Task requirements = Images should not appear in the copy, yet every line of the listing below must be printed exactly.

Recorded data =
----

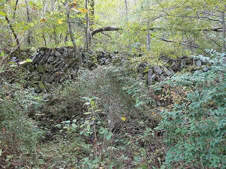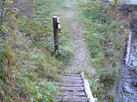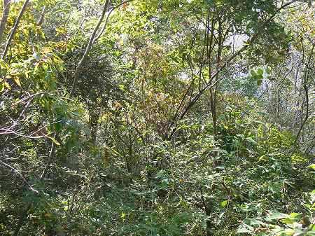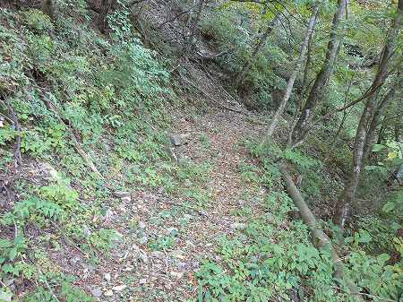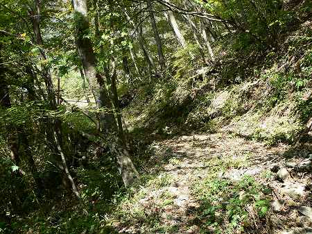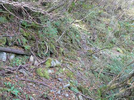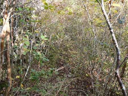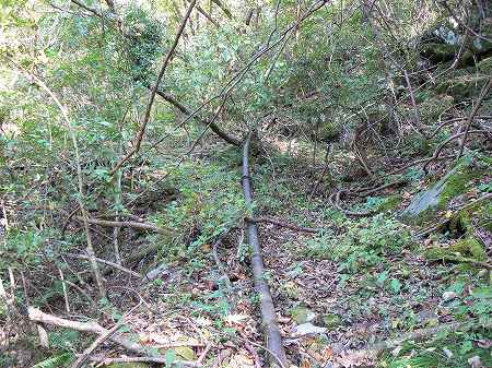 | ここから基安集落跡に向かって道を下る。夏は草でぼ〜ぼ〜だったが、思ったほど草は茂っていなかった。 |
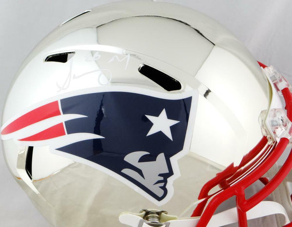 Sony Michel Autographed NE Patriots Full Size Chrome Helmet - Beckett Auth *Wh
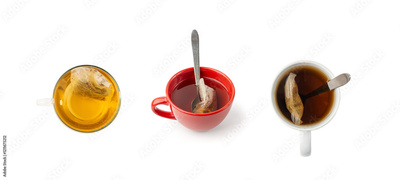 Herbal tea sachet in cup, hot water with chamomile and Hypericum or St. John's wort teabag

----

Response to the task =
 | ここから基安集落跡に向かって道を下る。夏は草でぼ〜ぼ〜だったが、思ったほど草は茂っていなかった。 |
 Sony Michel Autographed NE Patriots Full Size Chrome Helmet - Beckett Auth *Wh
 Herbal tea sachet in cup, hot water with chamomile and Hypericum or St. John's wort teabag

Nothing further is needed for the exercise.